Case-based Reasoning (CBR) applications have been widely deployed across various sectors, including pharmaceuticals, defense, aerospace, IoT, transportation, poetry, and music generation. However, a significant proportion of these applications have been developed using monolithic architectures, which present size and complexity constraints. Consequently, these applications face barriers to the adoption of new technologies, and changes in frameworks or languages directly impact them, making them prohibitively expensive in terms of time and cost. To tackle this challenge, we have developed Clood CBR, a distributed and highly scalable generic CBR system based on a microservices architecture. By splitting the application into smaller, interconnected services, Clood CBR can scale to meet varying demands. Microservices are cloud-native architectures that have become increasingly popular with the rapid adoption of cloud computing. Therefore, the CBR community can benefit from a framework such as Clood CBR at this opportune time.
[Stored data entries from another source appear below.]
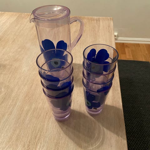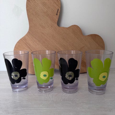 4stk drikkeglass (plast) med Unikko blomst i grønn. Produsert av Zak Design. Godt brukt med riper.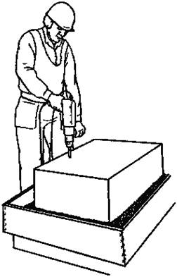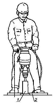 Рисунок 2 - Рабочая поза оператора, проводящего испытания бурильного молотка 1 - поглотитель энергии; 2 - весы Рисунок 3 - Рабочая поза оператора, проводящего испытания перфоратора 7.2. Нагрузка 7.2.1. Нагрузка для испытаний бурильных молотков и легких перфораторов Во время испытаний оператор пробивает отверстие в прямоугольном блоке из шлакового цемента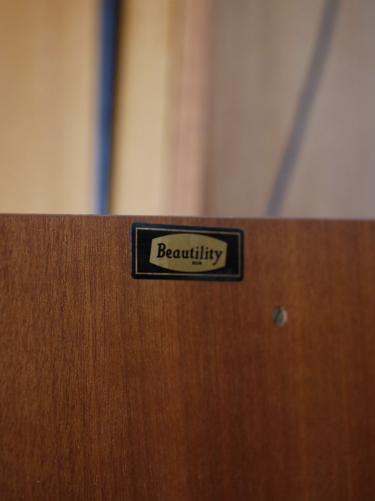 Add a touch of refined mid-century style with this English teak veneer sideboard from BEAUTILITY, featuring long lines and balanced proportions. Designed for the living room or dining room, it combines a cupboard, a front-opening bar, and three large drawers offering organized storage for dishes, linens, or media equipment. The interior shelves, at varying heights, accommodate bottles and glasses, while the drawers provide practical compartments. Its warm patina enhances its understated and timeless aesthetic.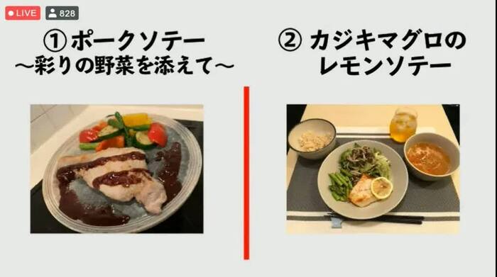 くしくも、“ソテー対決”に。それぞれが彩り豊かで美味しそうに見えるが、投票の結果は①27%、②72%ということで、②が勝利となった。

CloodCBR Paper Published at ICCBR 2020 📄

CloodCBR Presentation and Demo from ICCBR 2020 ▶️

Adapting Semantic Similarity Methods for Case-Based Reasoning in the Cloud from ICCBR 2022 📄

Cite CloodCBR

@inproceedings{cloodcbr,
  title={Clood CBR: Towards Microservices Oriented Case-Based Reasoning},
  author={Nkisi-Orji, Ikechukwu and Wiratunga, Nirmalie and Palihawadana, Chamath and Recio-Garc{\'\i}a, Juan A and Corsar, David},
  booktitle={International Conference on Case-Based Reasoning},
  pages={129--143},
  year={2020},
  organization={Springer}
}

What's new in Clood CBR Version 2

Core Updates

Semantic SBERT
Angle Embeddings
Explanation API - Extracts the field names and local similarity values from explanations.
Minor normalisation fixes (e.g. mcsherry, inerca)
Array datatype functionality
Complete docker support
JWT Token based API authentication

Dashboard Updates

Login Authentication support
Visual case representation (Parallel Cordinates)
Export functionality for retrievals
Import CSV validation and templating
Add single cases from dashboard support
Explanations added for similarity types
Manage JWT Tokens

Available Similarity Metrics

Data type	Similarity metric	Description
All	Equal	Similarity based on exact match (used as a filter)
String	EqualIgnoreCase	Case-insensitive string matching
	BM25	TF-IDF-like similarity based on Okapi BM25 ranking function
	Semantic USE	Similarity measure based on word embedding vector representations using Universal Sentence Encoder (optional)
	Semantic SBERT	Similarity measure based on word embedding vector representations using SBERT (optional)
	Angle	Similarity measure based on matching / retrieval word embedding vector representations using AnglE (optional)
Numeric	Interval	Similarity between numbers in an interval
	INRECA	Similarities using INRECA More is Better and Less is Better algorithms
	McSherry	Similarities using McSherry More is Better and Less is Better algorithms
	Nearest Number	Similarity between numbers using a linear decay function
Categorical	EnumDistance	Similarity of values based on relative positions in an enumeration
	Table	User-defined similarity between entries of a finite set of domain values
Date	Nearest Date	Similarity between dates using a decay function
Array	Jaccard	Similarity of two sets by dividing the size of their intersection by the size of their union.
	Array SBERT	For array based string representation with SBERT (optional)
	Query Intersection	Measures how much of the query set is covered by each case set
	Cosine	Cosine similarity between vectors
Location	Nearest Location	Similarity based on separation distance of geo-coordinates using a decay function
Ontology	Path-based	Similarity using Wu & Palmer path-based algorithm (optional)
	Feature-based	Similarity using Sanchez et al. feature-based algorithm (optional)

Start Using Clood? 🚀

Local Development

We have simplified the entire CloodCBR development environment. You can easily start developing Clood CBR using the containarised environment now. Make sure you have Docker installed.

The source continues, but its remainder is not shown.